The filing amends a previously filed S-3 Registration Statement for VNOM Sub, Inc. (f/k/a Viper Energy, Inc.) and registers up to 10,093,670 shares of Class A common stock that may be issued to Tumbleweed Royalty IV, LLC upon exercise of exchange rights tied to the same number of OpCo Units in Viper Energy Partners LLC. The Registration Statement also covers an additional 2,400,297 shares of Class A common stock to be issued to affiliate designees of Morita Ranches Minerals, LLC upon exercise of exchange rights for an equivalent number of OpCo Units, together with the option for the same number of Class B shares.
The S-3 registration is filed in reliance on Rule 478 under the Securities Act and reflects conversion/exchange mechanics between OpCo Units and the Company’s Class A and potentially Class B common stock. The document identifies the registrant and contact information but does not provide financial results, valuation metrics, or timing for any exchanges or issuances.

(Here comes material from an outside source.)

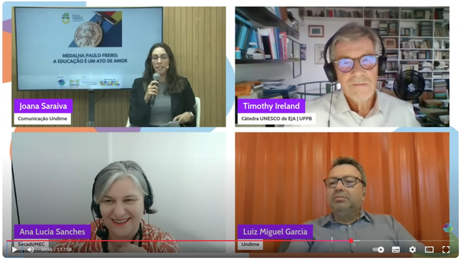 A apresentação da iniciativa aconteceu em videoconferência da Undime, por meio do Conviva Educação, com participação de Ana Lucia Sanches, diretora de Políticas de Alfabetização e Educação de Jovens e Adultos da Secadi/MEC; e Timothy Denis Ireland, representante da Cátedra Paulo Freire/UNESCO. A mediação foi de Luiz Miguel Garcia, presidente da Undime e Dirigente Municipal de Educação de Sud Mennucci/SP.

VNOM Sub, Inc. filed a post-effective amendment registering up to 98,656,453 shares of Class A common stock, consisting of 7,946,507 shares already outstanding held by Diamondback Energy and up to 90,709,946 shares issuable upon exercise of exchange rights under an Amended and Restated Exchange Agreement dated November 10, 2023. The filing describes that selling stockholders may tender equivalent Class B common stock and units of Viper Energy Partners LLC in connection with exchanges. The S-3 registration relies on Rule 478 under the Securities Act.
Viper Energy, Inc. (VNOM) disclosed a series of merger-related filings and corporate charter documents. The company references an S-4 (File No. 333-288431) initially filed June 30, 2025 and declared effective July 18, 2025, which includes a definitive Joint Information Statement/Proxy Statement/Prospectus describing the Mergers and the Merger Agreement. The filing incorporates by reference an Agreement and Plan of Merger dated June 2, 2025 among Former Viper, Viper Opco, Sitio, Sitio Opco, New Viper, Viper Merger Sub and Sitio Merger Sub, and cites an 8-K filed June 4, 2025. It also references amended governing documents for Former Viper, a Form of Assignment and Assumption Agreement, and an embedded Cover Page Interactive Data File. The signature block shows VNOM Sub, Inc. with Matt Zmigrosky as Executive Vice President, General Counsel and Secretary.